There are convenience stores everywhere, but are there other retail sectors where such relative proximity can allow all to thrive?

How many shops selling the same thing can you have in a limited area?

If supermarkets are anything to go by, a lot. There are convenience stores on every corner. But move beyond ‘food for today’ and are there any other retail sectors that do the same?

The area immediately to the north and east of Oxford Circus might seem to indicate that the answer is yes.

Starting on Mortimer Street, there’s the Evans Cycles flagship, which is mostly underground and providing wallets are deepish, has a wide range of branded bicycles.

A couple of streets away Halfords has just opened a Cycle Republic aimed at anybody who likes cycling with a major push on its Boardman range.

This one is also underground and does bear pretty close comparison with Evans, although it is likely to find favour with those for whom the bottom line matters.

Biomega

Biomega cycling store, London

For something a little more specialist, there is a Biomega store. This is an emporium stocking bikes from a Danish producer that uses designers from beyond the cycling world to create models that are white and unusual looking.

A little further along Great Portland Street is Velorution, a store for those who like ‘e-bikes’ (electric power-assisted bikes), among other things, and the origin of Biomega in the UK.

And if all of this is not enough, there’s a CycleSurgery bike shop on the same thoroughfare.

A niche for each

There are others in the locality and it is hard not to wonder how they all prosper.

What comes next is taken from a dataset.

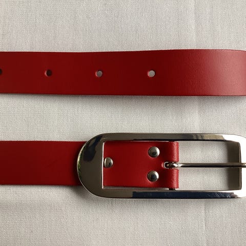 Ubrugt Rød / Vinrød Bælte til kvinde. Bæltet er bredt med stor, firkantet spænde og rynket detalje langs midterstykket. Velegnet til brug i taljen over kjoler, tunikaer eller bluser. Materialet fremstår som kunstlæder/læderlook. Længde og bredde fremgår af billederne med målebånd.

Yet speak to any of them and it appears there is a niche for each, in spite of the fact that they all ply the same commodity.

The other point is that with the exception of the Biomega store, to the uninformed they all look broadly similar.

Are there really so many different parts of the cycling universe that they can support so many shops in such a modest area?

The answer seems again to be yes and speaking to the same stores, they will all tell you what makes them different from their rivals and why they can support a business in the Great Portland Street area.

The trick of making a bicycle store work, it would appear, is to have something that others have, but to have just enough difference to breed loyalty.

Simple when put like that, but there must be precious few other parts of retail that operate in this manner (fashion doesn’t count, by the way, the product differences are greater).